## GIVEN INFORMATION
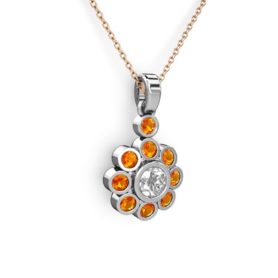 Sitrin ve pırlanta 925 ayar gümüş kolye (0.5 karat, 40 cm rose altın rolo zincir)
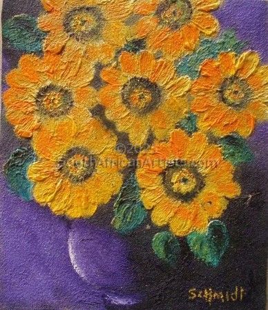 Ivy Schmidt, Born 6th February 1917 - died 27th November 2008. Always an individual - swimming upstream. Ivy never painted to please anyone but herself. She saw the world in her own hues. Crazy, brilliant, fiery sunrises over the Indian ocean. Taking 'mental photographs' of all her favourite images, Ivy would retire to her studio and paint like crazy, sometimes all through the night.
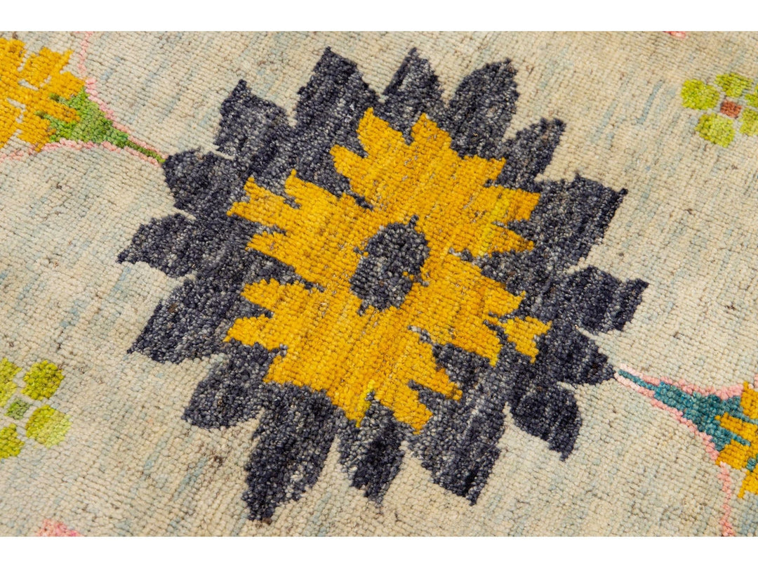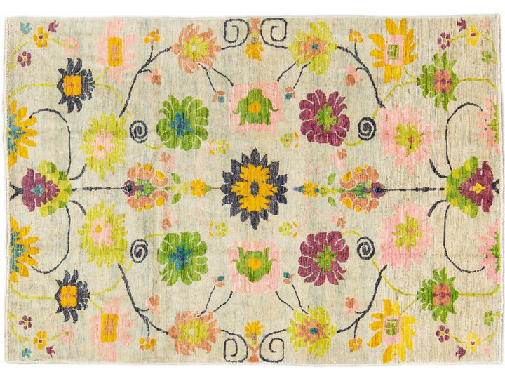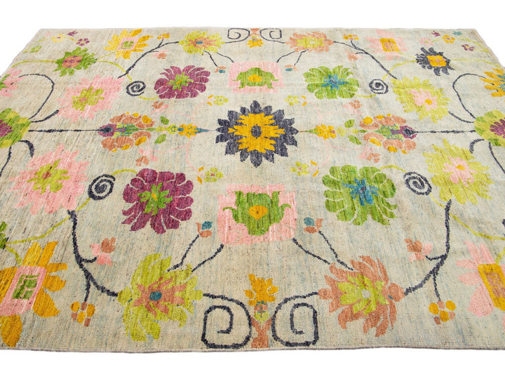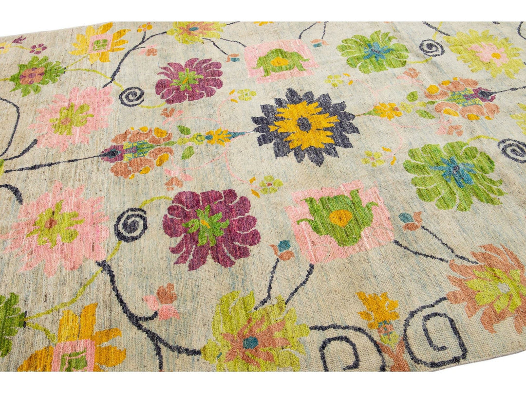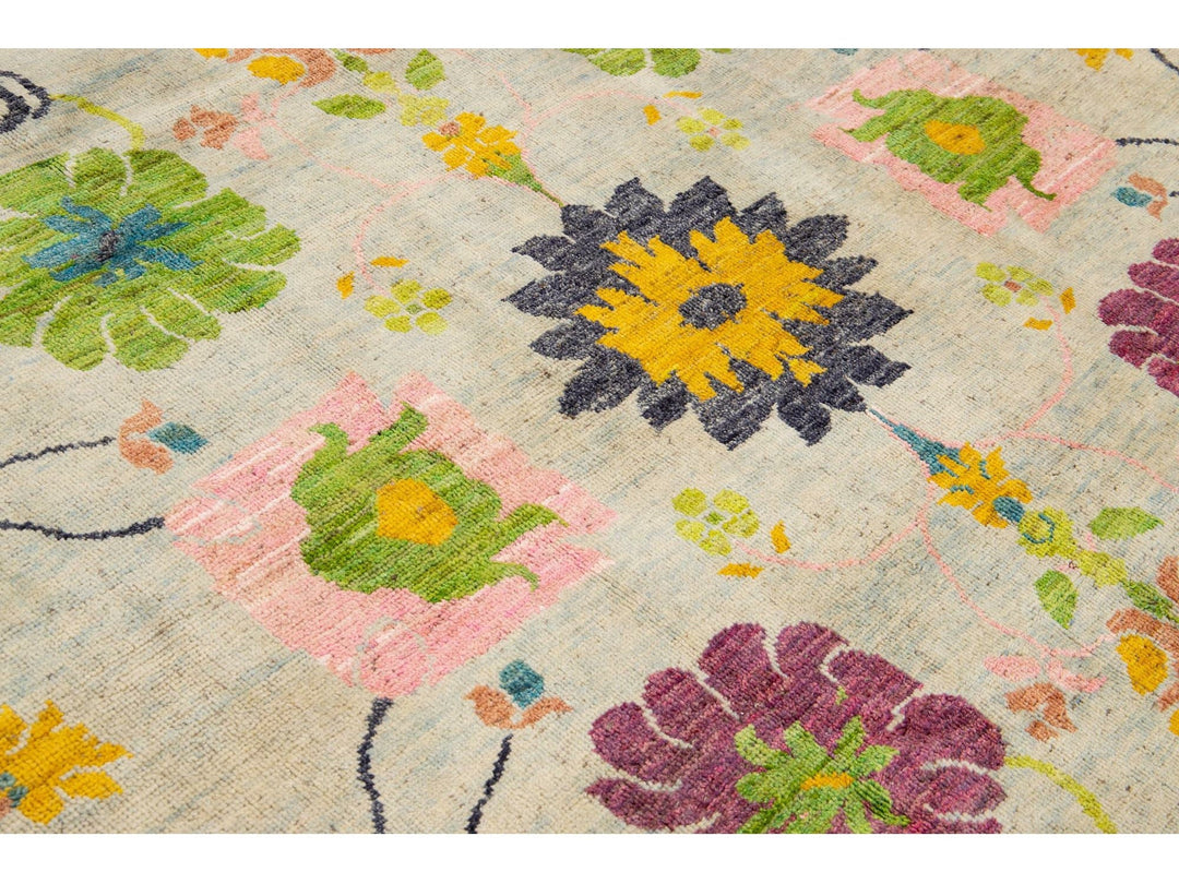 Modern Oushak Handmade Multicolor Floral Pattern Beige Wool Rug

## DIRECTIONS FOR THIS TASK
Please give all of the data again, exact and free of pictures.

## RESPONSE AREA
 Sitrin ve pırlanta 925 ayar gümüş kolye (0.5 karat, 40 cm rose altın rolo zincir)
 Ivy Schmidt, Born 6th February 1917 - died 27th November 2008. Always an individual - swimming upstream. Ivy never painted to please anyone but herself. She saw the world in her own hues. Crazy, brilliant, fiery sunrises over the Indian ocean. Taking 'mental photographs' of all her favourite images, Ivy would retire to her studio and paint like crazy, sometimes all through the night.
 Modern Oushak Handmade Multicolor Floral Pattern Beige Wool Rug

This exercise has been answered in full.